▶ PROBLEM TO SOLVE
The lines to repeat are those below from the one containing "- 80 per cent" down to the one containing "up. 🔧 Adju...", both included; reproduce them exactly and nothing else.

▶ DATA FOR ANALYSIS

━━━

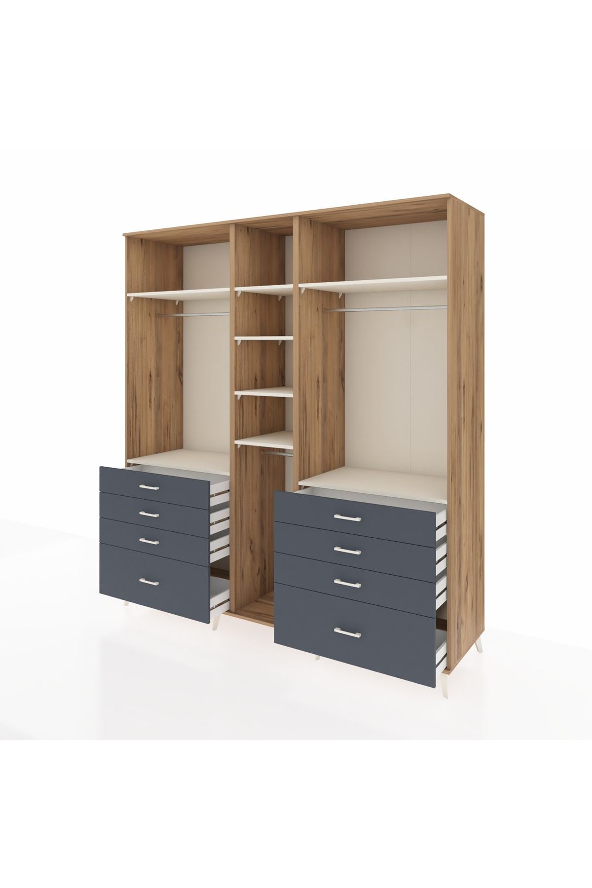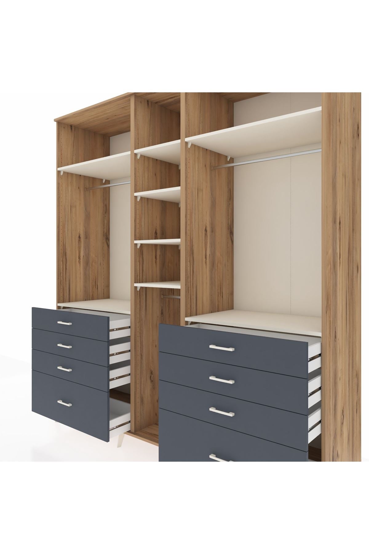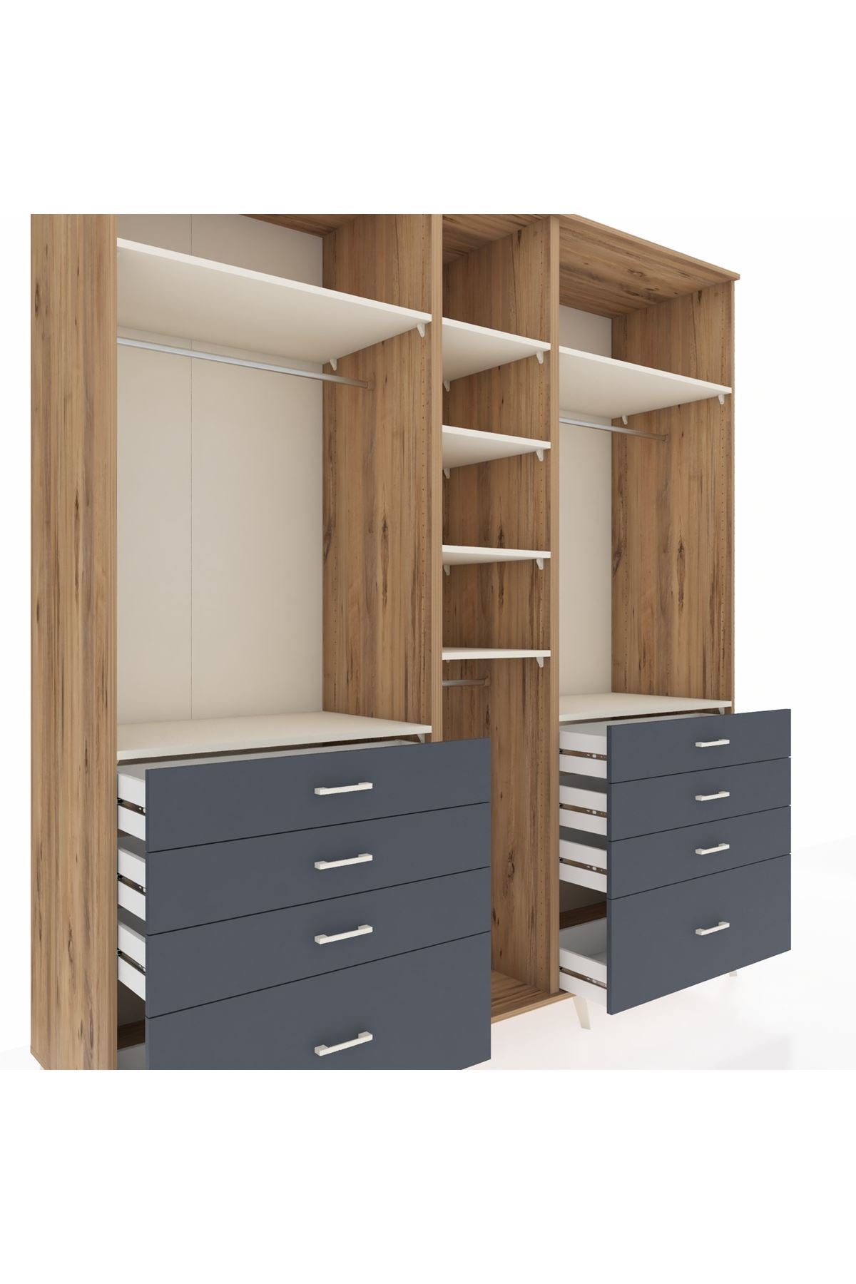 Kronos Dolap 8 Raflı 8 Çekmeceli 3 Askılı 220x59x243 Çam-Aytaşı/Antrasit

━━━

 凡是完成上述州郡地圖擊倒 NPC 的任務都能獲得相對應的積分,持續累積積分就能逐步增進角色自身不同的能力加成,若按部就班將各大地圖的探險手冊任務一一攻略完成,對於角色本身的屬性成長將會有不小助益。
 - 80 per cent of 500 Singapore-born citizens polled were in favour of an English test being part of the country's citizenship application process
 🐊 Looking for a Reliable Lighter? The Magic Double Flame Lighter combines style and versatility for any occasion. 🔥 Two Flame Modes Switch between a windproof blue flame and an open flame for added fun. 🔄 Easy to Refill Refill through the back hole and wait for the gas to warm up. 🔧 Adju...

━━━

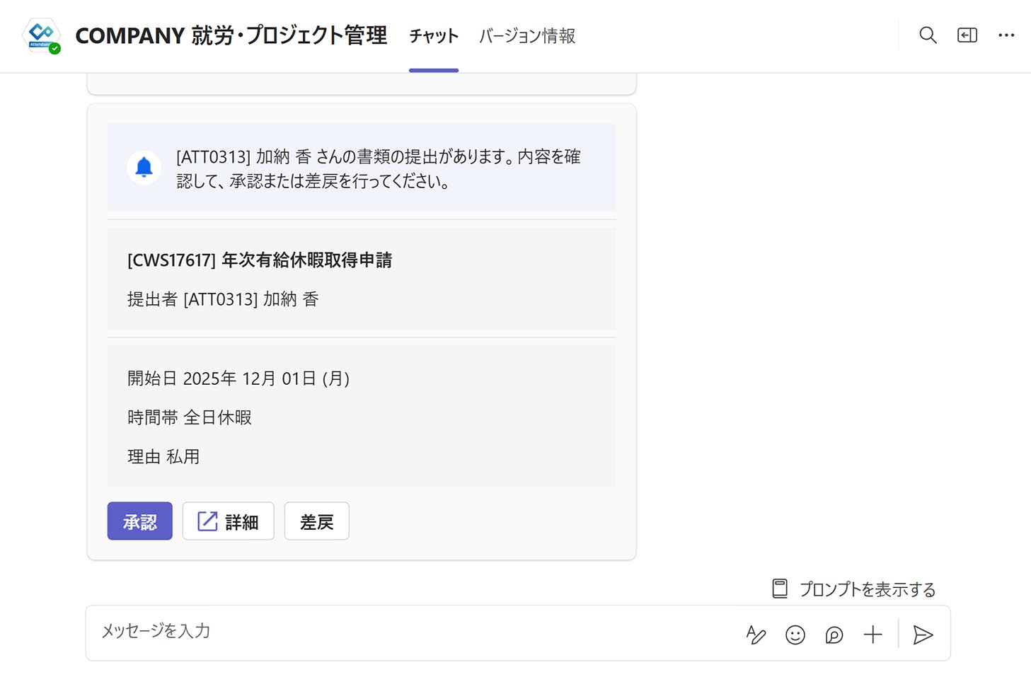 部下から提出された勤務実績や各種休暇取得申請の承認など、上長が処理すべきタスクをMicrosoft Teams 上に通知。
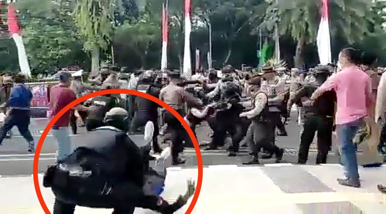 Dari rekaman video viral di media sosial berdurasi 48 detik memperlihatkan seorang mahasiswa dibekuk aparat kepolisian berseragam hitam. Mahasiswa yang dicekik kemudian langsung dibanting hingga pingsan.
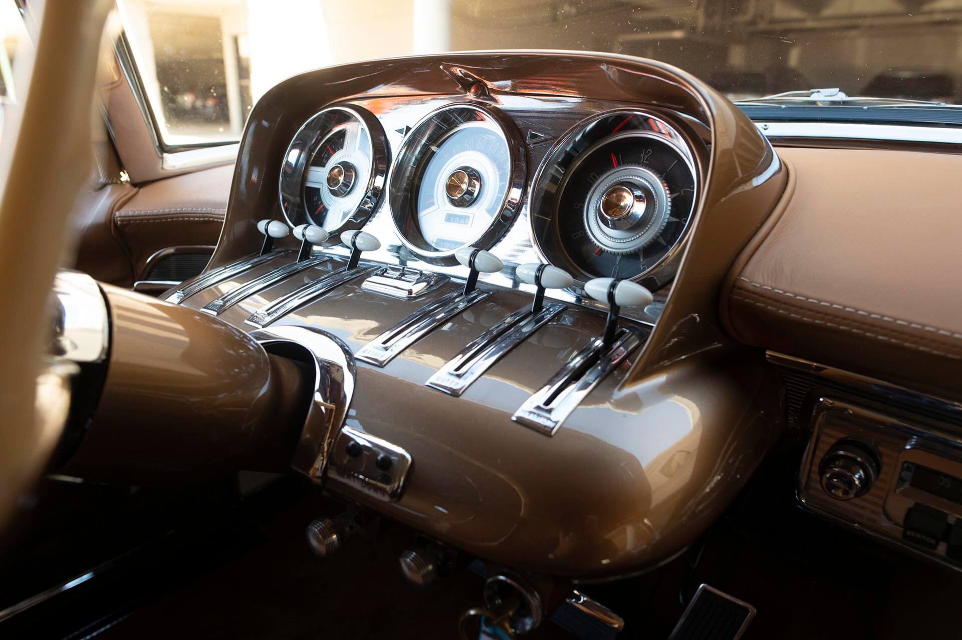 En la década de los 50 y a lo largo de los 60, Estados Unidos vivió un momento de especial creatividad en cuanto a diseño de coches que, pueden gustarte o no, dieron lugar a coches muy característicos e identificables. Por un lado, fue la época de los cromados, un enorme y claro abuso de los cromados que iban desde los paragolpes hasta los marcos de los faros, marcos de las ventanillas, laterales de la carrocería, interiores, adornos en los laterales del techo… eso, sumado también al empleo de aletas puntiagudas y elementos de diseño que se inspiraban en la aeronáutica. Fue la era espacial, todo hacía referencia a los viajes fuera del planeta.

━━━

▶ ANSWER TO THE PROBLEM
 - 80 per cent of 500 Singapore-born citizens polled were in favour of an English test being part of the country's citizenship application process
 🐊 Looking for a Reliable Lighter? The Magic Double Flame Lighter combines style and versatility for any occasion. 🔥 Two Flame Modes Switch between a windproof blue flame and an open flame for added fun. 🔄 Easy to Refill Refill through the back hole and wait for the gas to warm up. 🔧 Adju...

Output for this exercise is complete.